А я соединяю слова так, как другие не соединяли, и тоже создал свой «сорт», отличный от прочих. Да — без изменений, без риска, похоже, нельзя! Как отец обрадовался, узнав, что я еду в Ташкент, — надеялся теперь моими глазами снова увидеть все, что так страстно запомнил.
Между тем — пока ничего похожего на его воспоминания не было. Вместо стада овец вокруг были стада машин, пахло бензином. Как я найду то место, даже не представляя, где? Уверенность моя понемногу улетучивалась. Если вдруг не найду его места, отец обидится, раскипятится: такой человек — всегда жаждет невозможного!

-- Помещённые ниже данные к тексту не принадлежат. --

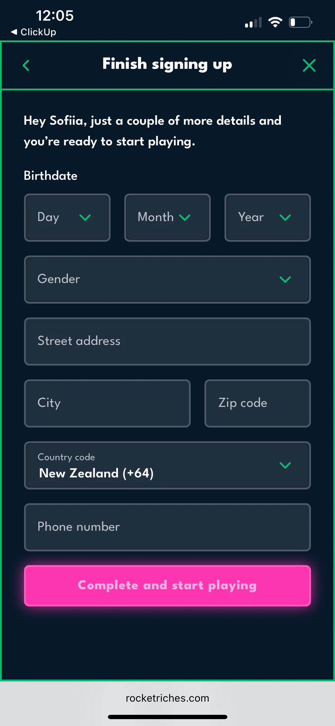 Registration at Rocket Riches Casino NZ
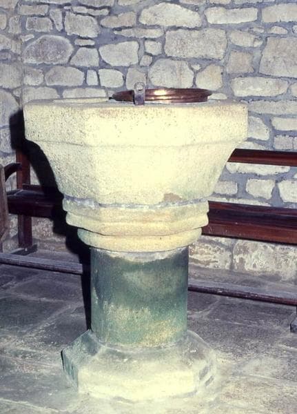 Cuve des fonts baptismaux sur pied.
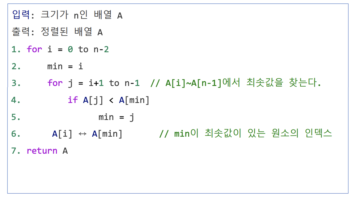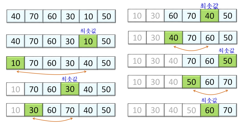 입력 배열에서 최솟값을 선택하여 배열의 0번 원소와 자리를 바꾸고, 다음에는 0번 원소를 제외한 나머지 원소에서 최솟값을 선택하여 1번 원소와 자리를 바꾼다.
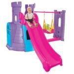 Plac Zabaw Zamek jest ogromną twierdzą do zabawy dla Twojego dziecka i jego przyjaciół! Plac zbudowany jest z wieży ze zjeżdżalnią oraz huśtawki typu swing. Wieża posiada liczne okna i otwory, przez które wpada dużo światła. Dodatkowo można z niej wyjść przez boczne drzwi i za pomocą schodków z trwałymi poręczami wejść na górę wieży i zjechać ze zjeżdżalni o długości ślizgu 166 cm. Wieża posiada wysokie boczne zabezpieczenia chroniące dziecko podczas korzystania ze zjeżdżalni, która ma długi, dość stromy śliz w pełni zadowalający każde dziecko. Cudowny plac uzupełnia miejsce z huśtawką typy swing, którą można ustawić na trzy sposoby zależnie od wieku i potrzeb (maksymalne obciążenie 50 kg). Wykonany jest z wysokiej jakości tworzywa sztucznego zabezpieczonego przed promieniowaniem UV – idealny do użytku na zewnątrz oraz doskonały do zabawy w domu!
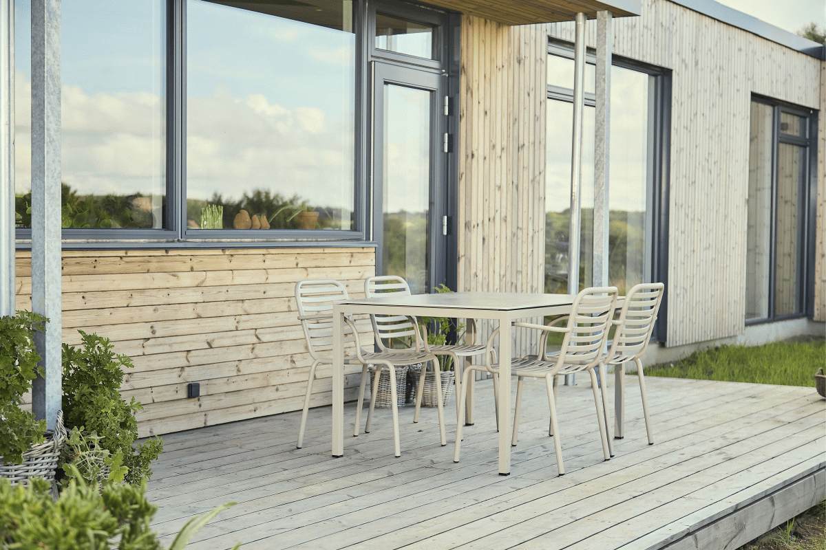 Med sine mål på 132 cm i længden og 90 cm i bredden passer bordet perfekt til både mindre og mellemstore terrasser. Skal der være plads til flere gæster, kan flere Terra-borde stilles i forlængelse af hinanden, da de alle har samme bredde.
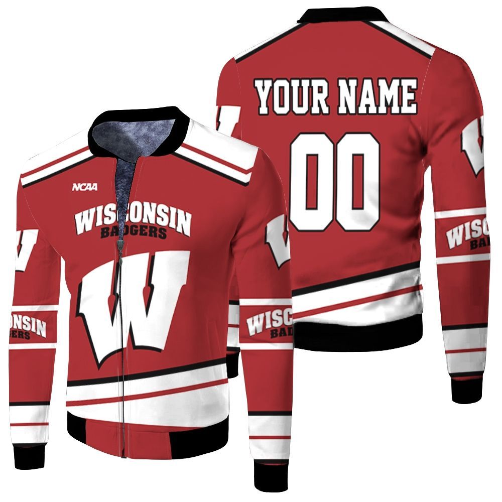 Wisconsin Badgers Ncaa Mascot Red 3D Personalized Fleece Bomber Jacket FBJ0695
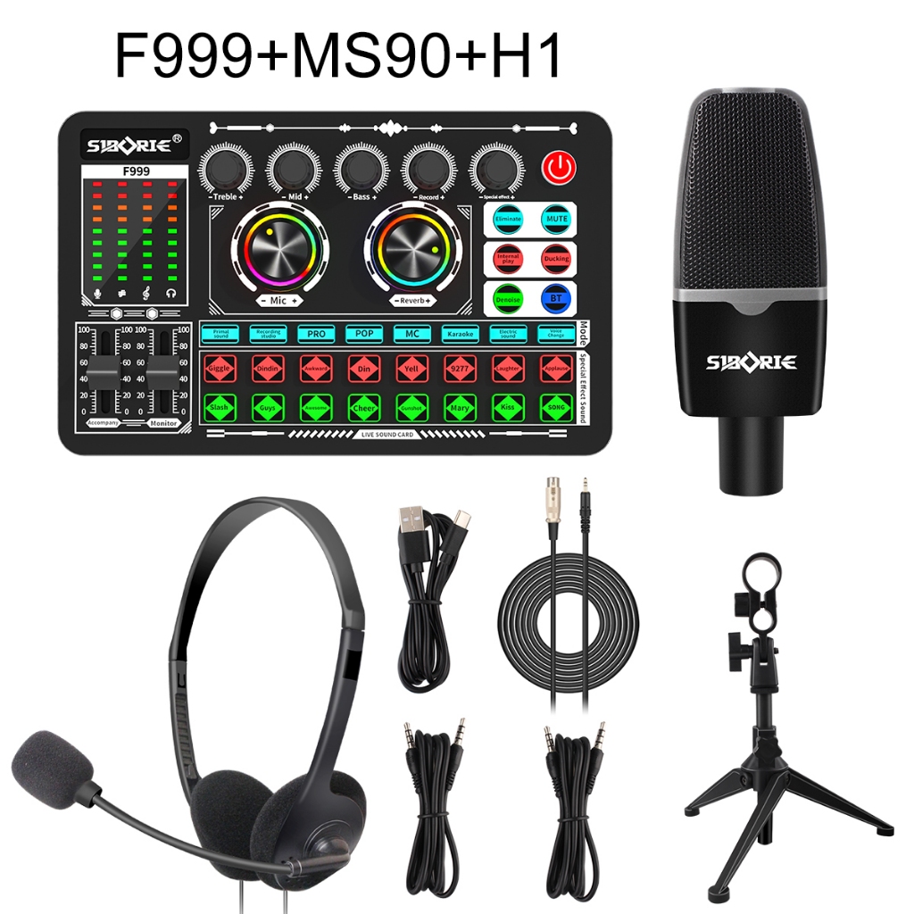Onered【】F999+MS90+H1 Paket Lengkap soundcard mic headset Set Pengiriman cepat
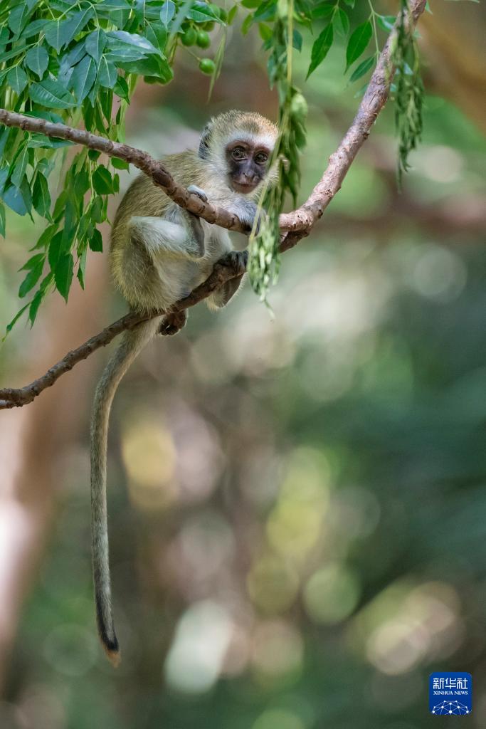 这是1月8日在肯尼亚安博塞利国家公园拍摄的长尾黑颚猴。
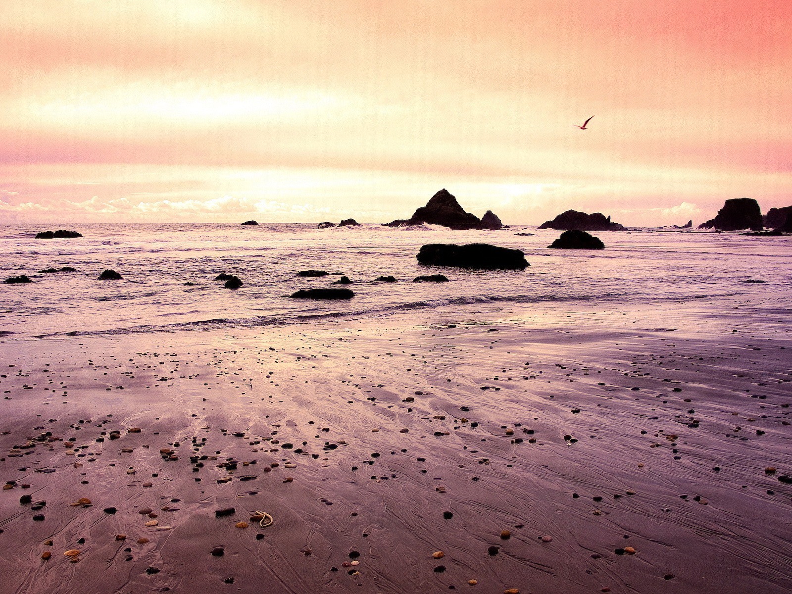 Marea alta en la playa. gaviota en vuelo en el horizonteMarea alta en la playa. Gaviota en vuelo en el horizonte
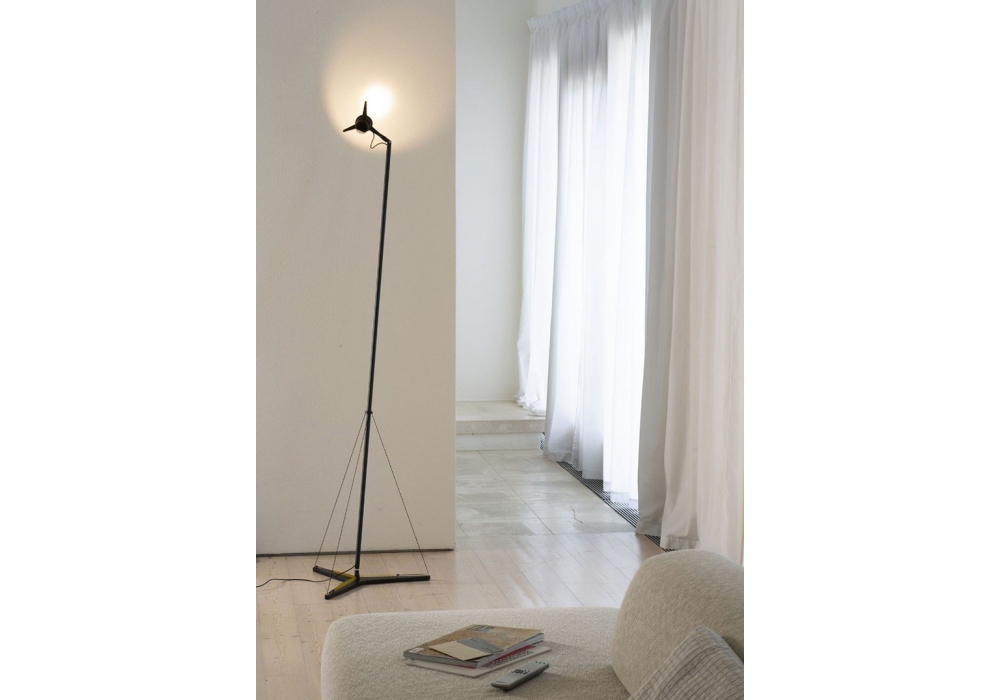 Y3 von Simon Schmitz für Martinelli Luce entworfen, ist eine Stehleuchte mit dreieckiger Stützbasis und röhrenförmigem Metallstab, der vollständig schwarz lackiert ist. Die gewählte Lichtquelle ist vom integrierten dimmbaren LED-Typ.

Я смотрел на сухую желтую землю, мощные глиняные ограды, за которыми шла неизвестная мне, и поэтому столь манящая жизнь. Махалля! — вспомнил я название: такие вот дома, как маленькие крепости, называются — «махалля», и живет там, как правило, один род, довольно большое число родственников, по своим законам. Ни крохотного окошка, ни щелочки нет в этих могучих глиняных стенах, «дувалах» — и, говорят, лучше и не пытаться проникнуть туда.
Проехали железнодорожный вокзал, заполненную пестрой публикой площадь.
Переболев местной дезинтерией, отец энергично влился в здешнюю жизнь (возраст был такой, когда все интересно!), загорел, надел тюбетейку (многие, вспоминал он, принимали его за узбечонка). Сколько, вообще, отец в своей жизни успел — даже завидно. Может, как раз потому, — пришла мне мысль, — что попал он в «эпоху перемен»? И где-то вот здесь, у вокзала, стоял он с ведром воды и кружкой, и вопил:
— Хал-лодный вода! Хал-лодный вода! Миллион — кружка!
Такие были цены… И пассажиры, вываливаясь из душных переполненных поездов, жадно пили воду, платя по миллиону!
Отец говорил, что жили они с сестрами и мамой на «дачном участке», как теперь говорят, мотыгами пробивали канавки, по которым от арыка к арбузам и дыням шла вода, а кроме того, у хозяев был дом в городе, и пару раз они туда заходили.
— Скажите, а где тут Шкапский переулок?! — неожиданно вспомнил я, нарушив то сонное оцепенение, я бы сказал, величие, с которым держались двое, сопровождавших меня. Впился в них взглядом: буквально — вынь да положь! Отец был так же нетерпелив, когда ему вдруг что-то «приспичило», как говорила мама. Ее благоразумие, склонность к общепринятому — и его «горячка», в конце концов и развели их. И мой внезапный вскрик, я заметил, ошеломил спутников. Тут не принято так! Хорошо хоть, что я это почувствовал. Важный, как бы слегка сонный директор (по его виду я сразу понял, что директор — он) даже не шелохнулся. Ниже его достоинства — реагировать на выкрики! Урегулировать мою бестактность взялся администратор. Потом я не раз убеждался, что здесь многое так построено: бай — слуга. Бай, если скажет слово, — потеряет достоинство. Потому мы все так долго, включая водителя, ехали молча.